At the moment Carlisle is counsel for the prosecution in the Heathrow Express trial, presenting the case against Balfour Beatty and Austrian tunnelling consultant Geoconsult.
Chambers' Guide to the Legal Profession lists Carlisle as the top barrister for health and safety law. This view is supported by many of his contemporaries. 'He is far and away the top health and safety barrister. The HSE nearly always uses him for its high profile cases,' says one lawyer. 'His command of health and safety is second to none,' said another. 'He is the master'.
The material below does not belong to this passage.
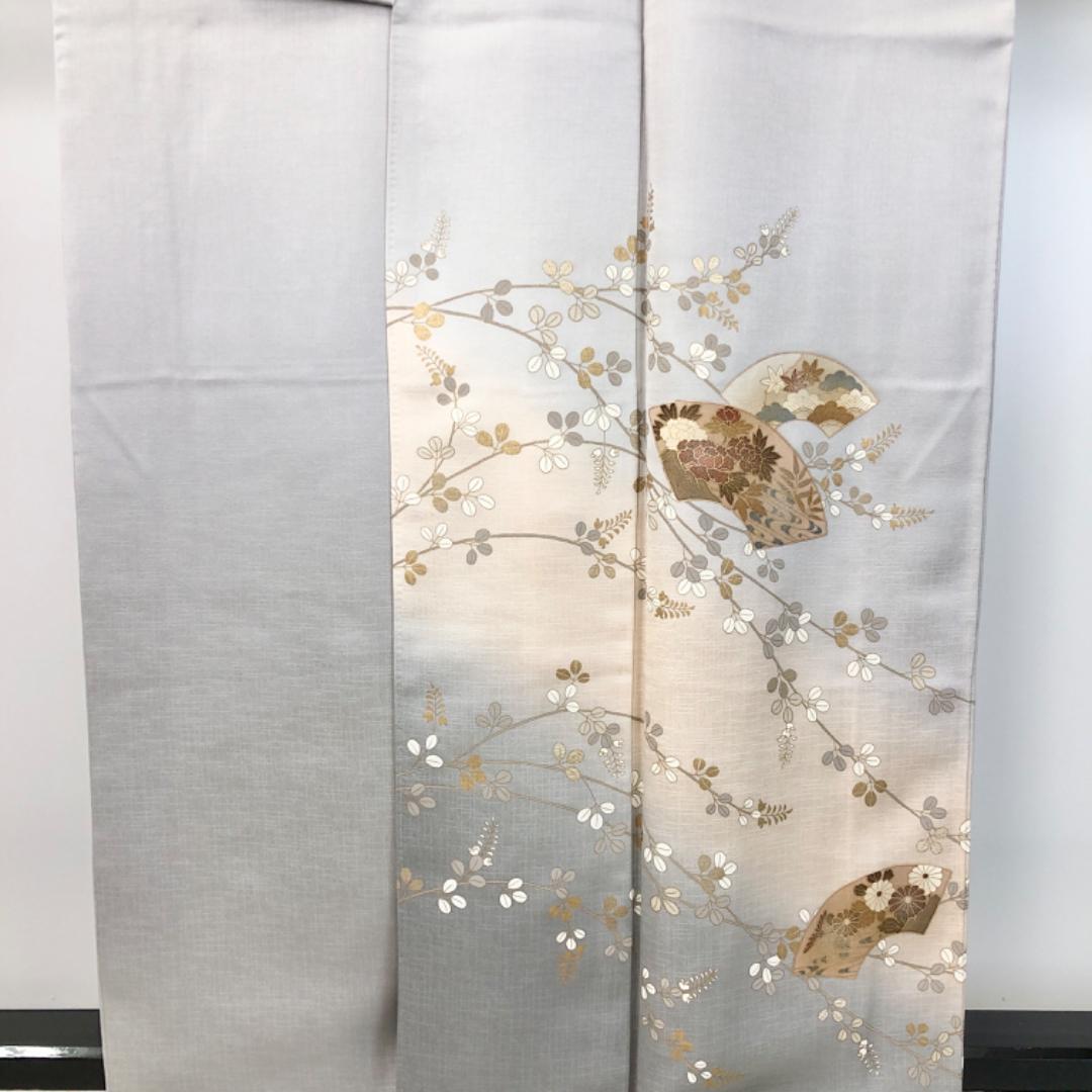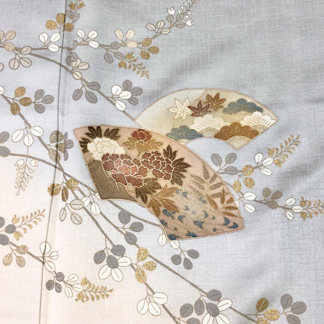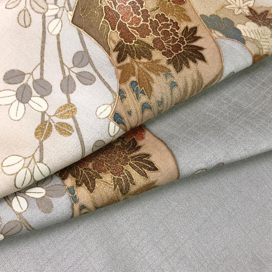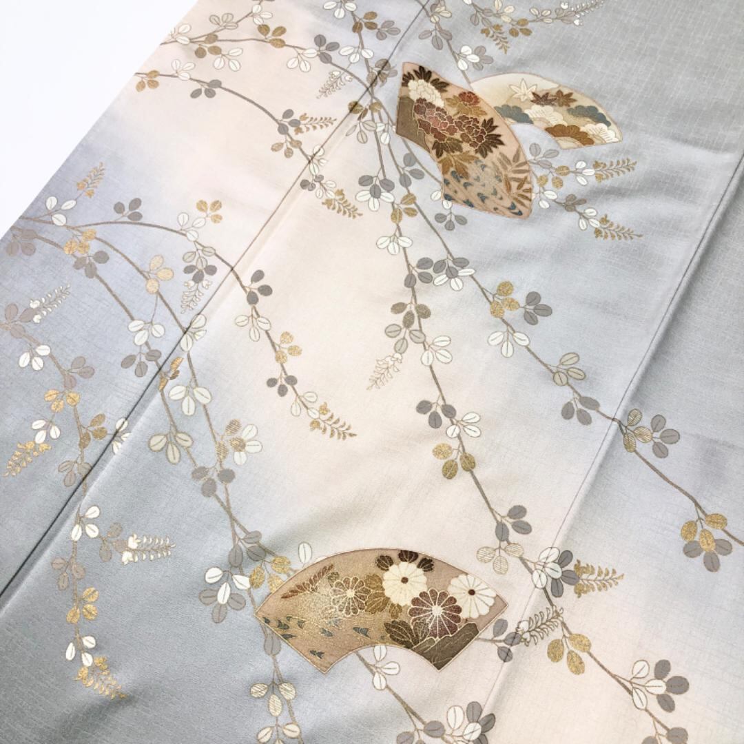 白鼠色の上品なお色味、地紙に花模様、萩の花の柄裄がデザインされた品のある素敵なお品でございます。

The 62-year-old QC has been a health and safety lawyer for more than 20 years and has acted on some of the HSE's highest profile cases. These include the prosecution of the British Railways Board following the 1988 Clapham railway crash in which 35 people died. He also headed the HSE's successful prosecution of Port Ramsgate, FEAB, FKAB and Lloyds' Register of Shipping following the 1997 Port Ramsgate walkway collapse (NCE 25 February 1997).
'Health & Safety has become something of a niche area in criminal law,' explains an HSE spokesman. 'The advantage with using Hugh is that over the years he has gained the expertise.'
Carlisle was called to the Bar in 1961 after graduating from Downing College, Cambridge. He became Queen's Counsel in 1978 and is head of chambers at 1 Temple Gardens, one of the most respected chambers in the field of health and safety law. His arguments have defined the way the Health & Safety at Work Act is applied to the construction industry.
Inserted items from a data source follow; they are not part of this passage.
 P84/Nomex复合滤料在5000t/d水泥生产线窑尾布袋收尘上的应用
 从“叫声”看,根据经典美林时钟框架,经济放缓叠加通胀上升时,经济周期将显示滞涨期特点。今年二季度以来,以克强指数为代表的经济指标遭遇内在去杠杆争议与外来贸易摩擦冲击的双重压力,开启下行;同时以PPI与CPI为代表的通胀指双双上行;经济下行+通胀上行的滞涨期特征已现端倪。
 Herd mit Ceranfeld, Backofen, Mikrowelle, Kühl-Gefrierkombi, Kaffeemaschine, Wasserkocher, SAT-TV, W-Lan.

The successful prosecution in 1997 of Port Ramsgate over the ferry walkway collapse, which killed six people, showed that clients as well as contractors and designers can be held responsible for unsafe design and construction.
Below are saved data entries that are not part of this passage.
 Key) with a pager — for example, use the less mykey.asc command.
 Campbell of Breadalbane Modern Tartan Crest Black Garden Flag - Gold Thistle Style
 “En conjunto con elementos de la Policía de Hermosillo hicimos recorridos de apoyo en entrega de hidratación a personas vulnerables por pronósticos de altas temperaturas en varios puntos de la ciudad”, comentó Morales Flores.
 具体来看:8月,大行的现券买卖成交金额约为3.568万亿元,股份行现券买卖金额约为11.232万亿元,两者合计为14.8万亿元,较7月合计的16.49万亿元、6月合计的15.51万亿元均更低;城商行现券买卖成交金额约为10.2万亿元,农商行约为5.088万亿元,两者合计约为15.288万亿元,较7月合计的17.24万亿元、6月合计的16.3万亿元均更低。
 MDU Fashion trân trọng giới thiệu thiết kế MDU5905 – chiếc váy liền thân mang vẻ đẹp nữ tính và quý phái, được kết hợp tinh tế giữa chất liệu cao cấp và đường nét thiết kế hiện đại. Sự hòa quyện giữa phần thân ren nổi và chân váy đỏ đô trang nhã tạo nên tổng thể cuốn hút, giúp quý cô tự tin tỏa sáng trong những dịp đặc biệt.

Another important case was the successful 1996 prosecution of chemical engineering firm Associated Octel. It had failed to ensure the safety of the employees of its contractor RGP after an RGP worker was badly burnt while carrying out maintenance work.
Octel had argued that, as the client, it had no right to control the manner in which its contractor carried out its work. But Carlisle successfully argued that, in certain circumstances, clients are responsible for the their contractor's actions and could be prosecuted under the Health & Safety at Work Act, even though they do not control the work carried out by contractors.